On the federal level, Social Security is the perfect example of what happens when fed.gov "sets aside" money for later use . . . yeah, not good.

From what the article said, it _sounds as though_ the money would be taken out and actually deposited in a real, separate account in the service member's name, just like the TSP does now.
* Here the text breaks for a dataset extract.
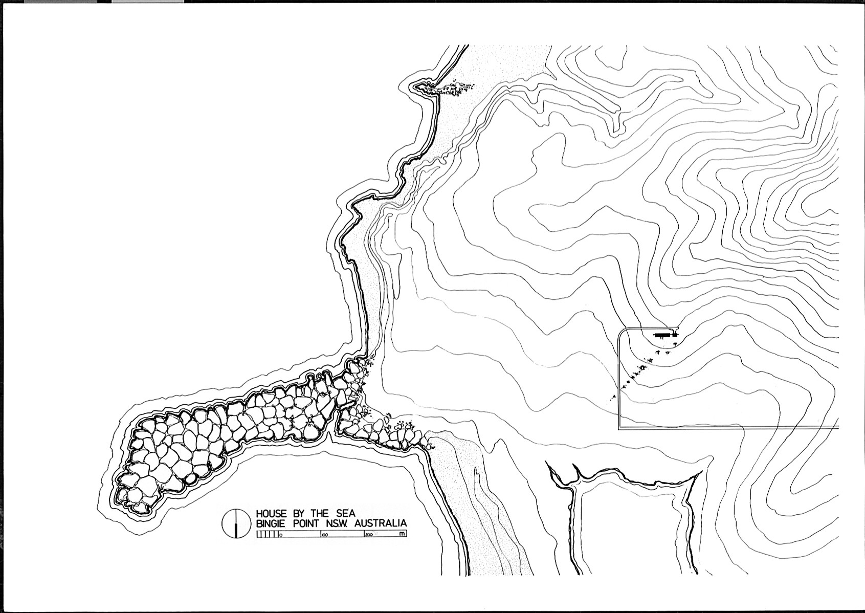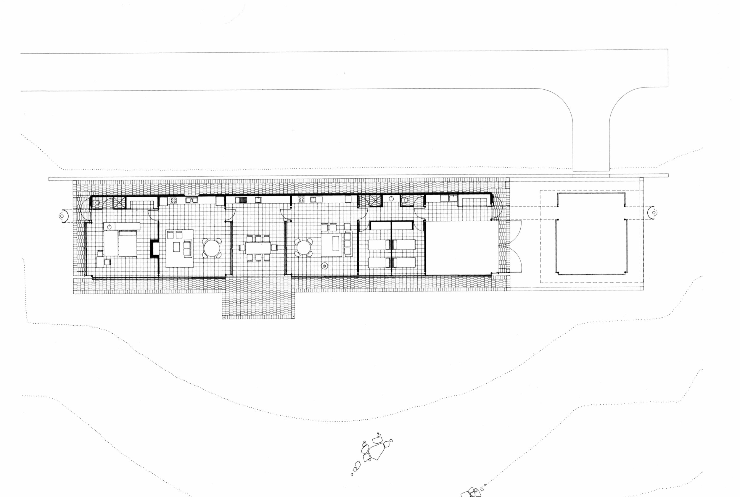 Situated on the southern coast of NSW, the site is a spectacular landscape between the ocean and western mountains with a nearby lake to the north. It is exposed, windswept and rugged. The clients had owned the land for many years using it for camping holidays and were interested in a house with tent like qualities. The building is a single pavilion divided by a central court and can operate as two self contained suites, one for the parents, the other for guests or family. Living areas open onto the shared court and a connection is implied between these adjacent spaces. The separate proposed garage bay in the plan illustrated was never realised.

This _ might_ work, but in order for this to work, they have to be counting on the average 18-year-old recruit planning for their retirement in 40 years.

Again, it _might_ work, but any person who is inclined to look that far into the future is smart enough to realize that the whole deposit-it-into-an-account-in-your-name thing might cahnge, too.


----------



## stamphappy (Jul 29, 2010)

Catalytic:

DH is to retire 12May with 20 years is that correct? If so, if I read it correctly, he won't be affected. If you're at 20 years, you'll get the same retirement we have now. If you're at 15 years and still have 5 to go then:

*15 years of service. Troops would immediately begin accruing new benefits in a TSP account. If they remained in service for five more years, they would receive three-fourths of the &#8220;old plan benefit,&#8221; about 37.5 percent of their pay at retirement, as an annuity.

* 20 years and beyond. Troops who stayed in past 20 years would continue to receive annual TSP contributions.

So I think he'd be okay. And remember, Congress still also has to vote on it. 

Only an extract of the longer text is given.